BYD exported 120,083 new energy vehicles in March 2026, a 65.12% jump from March 2025 and 19.37% above February's figure, according to the company's monthly filing. [1] Overseas volume ran at 40% of total sales — the second month in a row close to half. Chairman Wang Chuanfu's team has raised its 2026 overseas target from 1.3 million units to 1.5 million and told analysts in a March 30 post-earnings call the company is "highly confident" it will hit that number, with sources saying overseas markets could eventually account for half of all BYD sales. [2]
The paper's Tuesday brief recorded Tesla's reclamation of the Q1 BEV crown. That is still true. What this brief adds is the denominator. BYD's first-quarter NEV total fell 30.01% year over year to 700,463 units, but overseas sales reached 321,165 — a quarterly overseas record the trend line now assumes. [1] The domestic slump is in the headline; the export ramp is in the curve. March sales in Thailand carried the Thai prime minister's decision to drive a BYD amid local gas-price spikes. The company's first European plant in Hungary and its Indonesian factory began ramping in March. [3]

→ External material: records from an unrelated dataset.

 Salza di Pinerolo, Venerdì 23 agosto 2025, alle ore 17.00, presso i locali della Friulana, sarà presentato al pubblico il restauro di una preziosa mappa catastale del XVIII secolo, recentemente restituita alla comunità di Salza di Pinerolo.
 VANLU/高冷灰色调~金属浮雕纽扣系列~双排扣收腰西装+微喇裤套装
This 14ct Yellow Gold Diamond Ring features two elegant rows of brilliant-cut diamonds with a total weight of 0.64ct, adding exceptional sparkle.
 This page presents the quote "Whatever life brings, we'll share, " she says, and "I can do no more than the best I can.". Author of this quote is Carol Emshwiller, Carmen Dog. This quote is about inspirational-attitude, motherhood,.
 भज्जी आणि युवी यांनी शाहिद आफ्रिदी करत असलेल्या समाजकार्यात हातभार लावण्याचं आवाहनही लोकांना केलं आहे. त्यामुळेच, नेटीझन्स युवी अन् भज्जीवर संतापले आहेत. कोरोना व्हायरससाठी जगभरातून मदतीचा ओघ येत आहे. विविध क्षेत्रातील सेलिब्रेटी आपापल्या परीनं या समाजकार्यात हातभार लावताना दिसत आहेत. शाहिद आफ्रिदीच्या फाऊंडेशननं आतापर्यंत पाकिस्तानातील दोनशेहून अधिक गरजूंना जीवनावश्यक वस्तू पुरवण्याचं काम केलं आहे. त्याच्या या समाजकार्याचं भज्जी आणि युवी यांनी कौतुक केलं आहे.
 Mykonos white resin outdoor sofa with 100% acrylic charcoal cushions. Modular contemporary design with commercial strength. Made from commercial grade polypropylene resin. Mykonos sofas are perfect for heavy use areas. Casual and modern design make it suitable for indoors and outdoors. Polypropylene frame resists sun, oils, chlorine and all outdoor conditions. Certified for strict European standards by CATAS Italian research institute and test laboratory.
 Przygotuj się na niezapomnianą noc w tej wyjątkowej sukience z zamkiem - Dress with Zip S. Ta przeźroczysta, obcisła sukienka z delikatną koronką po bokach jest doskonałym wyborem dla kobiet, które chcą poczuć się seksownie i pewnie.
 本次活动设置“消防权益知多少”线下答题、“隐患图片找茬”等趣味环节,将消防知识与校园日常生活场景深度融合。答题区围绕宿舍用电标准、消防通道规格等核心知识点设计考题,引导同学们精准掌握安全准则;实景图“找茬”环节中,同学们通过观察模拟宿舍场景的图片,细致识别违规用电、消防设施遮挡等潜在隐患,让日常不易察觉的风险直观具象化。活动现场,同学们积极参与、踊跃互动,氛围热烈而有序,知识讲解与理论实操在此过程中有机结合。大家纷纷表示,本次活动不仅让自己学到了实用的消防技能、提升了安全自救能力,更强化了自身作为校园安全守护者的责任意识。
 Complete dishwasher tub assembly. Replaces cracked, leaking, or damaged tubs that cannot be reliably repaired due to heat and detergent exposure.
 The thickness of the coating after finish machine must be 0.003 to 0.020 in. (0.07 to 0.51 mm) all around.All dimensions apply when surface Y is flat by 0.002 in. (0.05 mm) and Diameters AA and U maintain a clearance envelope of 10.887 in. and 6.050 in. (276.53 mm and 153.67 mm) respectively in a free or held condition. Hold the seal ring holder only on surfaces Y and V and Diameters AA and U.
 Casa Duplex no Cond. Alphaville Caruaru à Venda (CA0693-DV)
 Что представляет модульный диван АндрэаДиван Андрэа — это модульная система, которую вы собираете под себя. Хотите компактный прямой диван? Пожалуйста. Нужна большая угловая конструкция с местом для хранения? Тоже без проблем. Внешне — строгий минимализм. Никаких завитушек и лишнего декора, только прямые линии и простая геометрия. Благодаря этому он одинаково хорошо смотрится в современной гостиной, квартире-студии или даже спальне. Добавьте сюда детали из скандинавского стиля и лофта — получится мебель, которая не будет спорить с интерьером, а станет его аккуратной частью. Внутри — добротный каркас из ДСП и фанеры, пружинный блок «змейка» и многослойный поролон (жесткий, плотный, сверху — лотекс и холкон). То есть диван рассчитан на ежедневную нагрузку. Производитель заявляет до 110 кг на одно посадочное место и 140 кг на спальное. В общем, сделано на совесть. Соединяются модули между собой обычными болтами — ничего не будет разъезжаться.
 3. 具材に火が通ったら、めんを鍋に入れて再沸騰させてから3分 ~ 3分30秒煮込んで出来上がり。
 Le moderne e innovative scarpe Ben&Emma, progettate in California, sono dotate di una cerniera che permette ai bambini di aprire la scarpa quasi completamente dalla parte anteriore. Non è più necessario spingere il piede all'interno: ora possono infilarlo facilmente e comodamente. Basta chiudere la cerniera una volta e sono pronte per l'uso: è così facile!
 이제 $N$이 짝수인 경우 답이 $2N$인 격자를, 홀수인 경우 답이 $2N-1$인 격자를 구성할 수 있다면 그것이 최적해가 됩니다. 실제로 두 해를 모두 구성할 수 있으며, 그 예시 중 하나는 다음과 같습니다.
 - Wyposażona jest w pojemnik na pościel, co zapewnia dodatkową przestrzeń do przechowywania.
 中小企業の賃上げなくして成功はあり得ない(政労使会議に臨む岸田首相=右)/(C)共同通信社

The two stories are not the same story. Tesla's Q1 crown is a quarter; BYD's overseas ramp is a structural relocation of production outside China on a timeline the tariff regime is writing. Citi has flagged that BYD's domestic Chinese sales may turn unprofitable in Q1 2026 — the export engine is what makes 2026 pencil. Q1 profit margin will answer whether 1.5 million is a stretch or a floor.